— TASK —
The output should be every line below, retyped exactly, with no images.
───── COLLECTED MATERIAL ─────
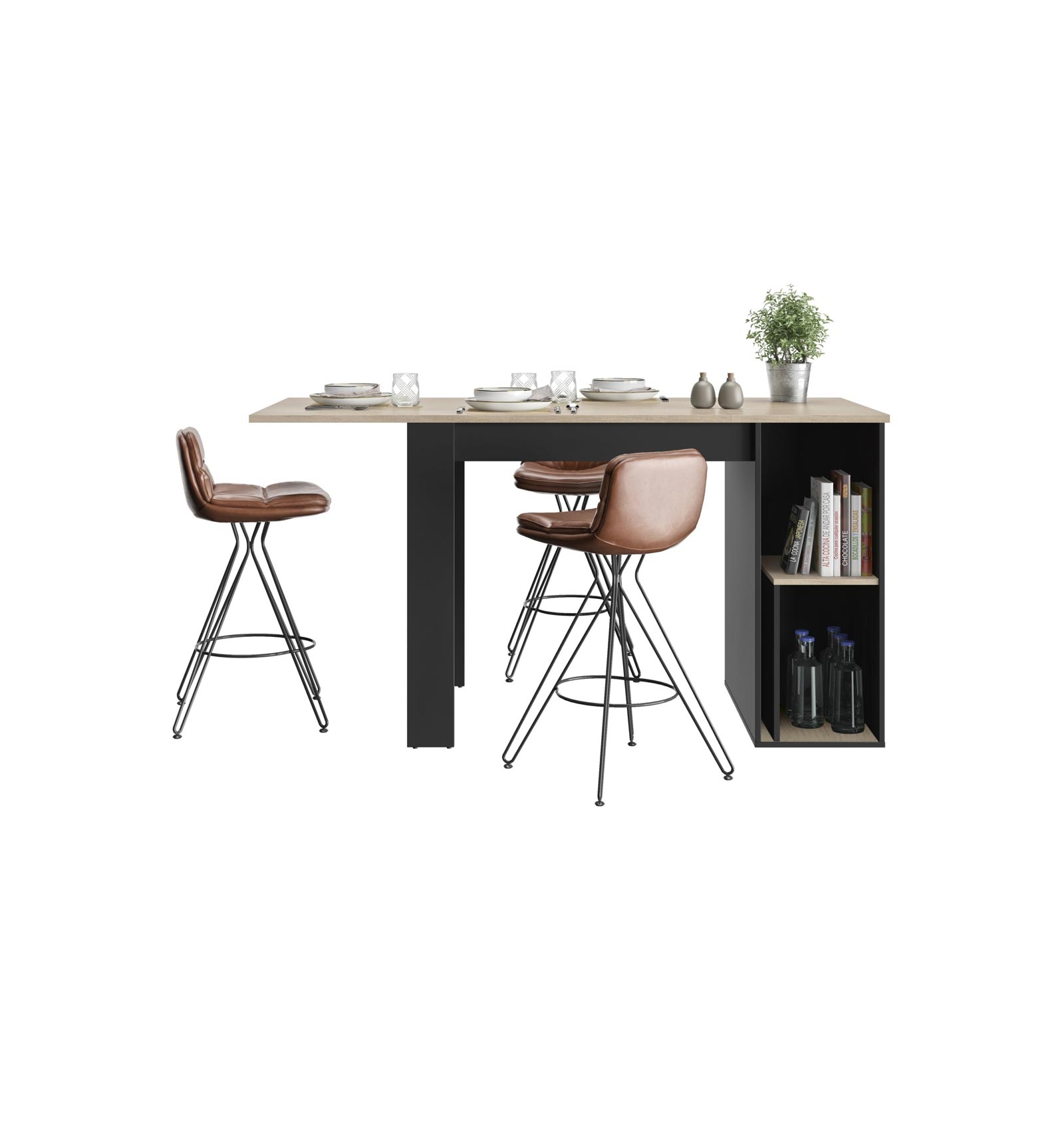 La mesa de cocina Chicago destaca por su extensión integrada y su diseño moderno. Además, está fabricada con materiales de calidad, es fácil de montar y ofrece un espacio de almacenamiento conveniente para colocar diversos objetos encima y en sus estantes.
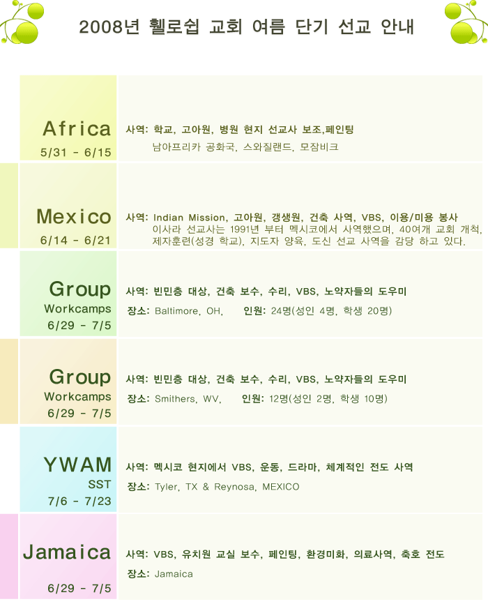 2008년도 여름 단기 선교를 위와 같이 준비하고 있습니다.
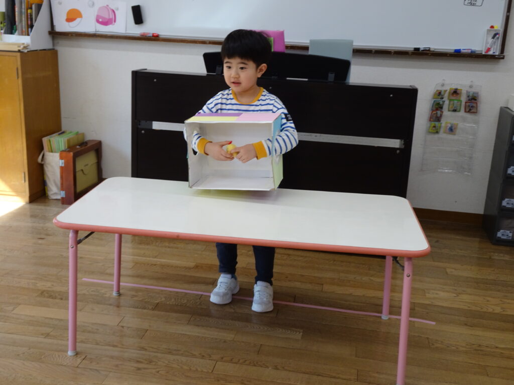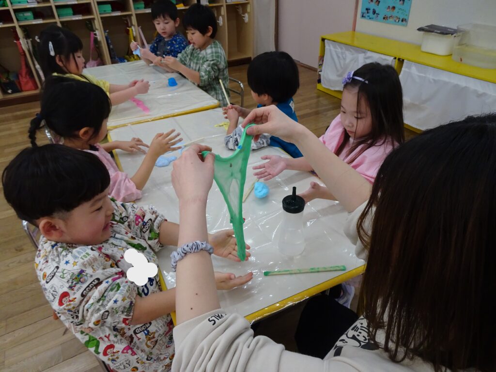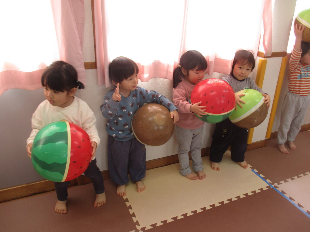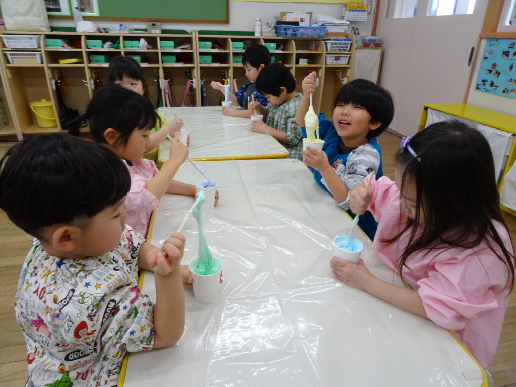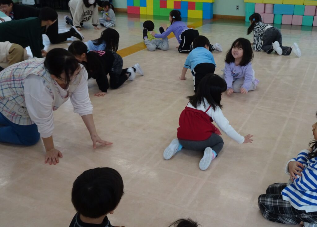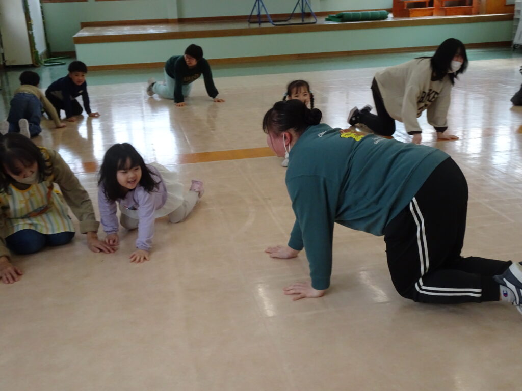 園庭は例年よりも雪が溶けるのも、乾くのも早くて、運転手さんやたかひろ先生が丁寧に均してくれています。きれいになって来た園庭で、今日きりん組のあずかりさんは少し遊びました。朝のうさぎ組では「箱の中身当てゲーム」をしていました。箱の中には、お部屋のおもちゃが入っていました。お遊戯室では、うさぎ組さんときりん組の預かりさんが一緒に集団遊び「ストップゲーム」「ハイハイ鬼ごっこ」「電子レンジ鬼ごっこ」等を楽しみました。ハイハイするのも、とっても早かったです。ぱんだ組さんは、お部屋でスライムを作りました。紙コップの中に洗濯ノリや魔法の水を入れて、シェービングフォームやキラキラのスパンコールも入れてこねこねして楽しく遊びました。カンガルークラブさんは、お部屋でボールで遊びました。ボールをポンポン投げたり受けたり、バイキンマンもやっつけたりしました。朝の会ではラジオ体操もやっていましたよ。(森)
─────
— TASK RESPONSE —
 La mesa de cocina Chicago destaca por su extensión integrada y su diseño moderno. Además, está fabricada con materiales de calidad, es fácil de montar y ofrece un espacio de almacenamiento conveniente para colocar diversos objetos encima y en sus estantes.
 2008년도 여름 단기 선교를 위와 같이 준비하고 있습니다.
 園庭は例年よりも雪が溶けるのも、乾くのも早くて、運転手さんやたかひろ先生が丁寧に均してくれています。きれいになって来た園庭で、今日きりん組のあずかりさんは少し遊びました。朝のうさぎ組では「箱の中身当てゲーム」をしていました。箱の中には、お部屋のおもちゃが入っていました。お遊戯室では、うさぎ組さんときりん組の預かりさんが一緒に集団遊び「ストップゲーム」「ハイハイ鬼ごっこ」「電子レンジ鬼ごっこ」等を楽しみました。ハイハイするのも、とっても早かったです。ぱんだ組さんは、お部屋でスライムを作りました。紙コップの中に洗濯ノリや魔法の水を入れて、シェービングフォームやキラキラのスパンコールも入れてこねこねして楽しく遊びました。カンガルークラブさんは、お部屋でボールで遊びました。ボールをポンポン投げたり受けたり、バイキンマンもやっつけたりしました。朝の会ではラジオ体操もやっていましたよ。(森)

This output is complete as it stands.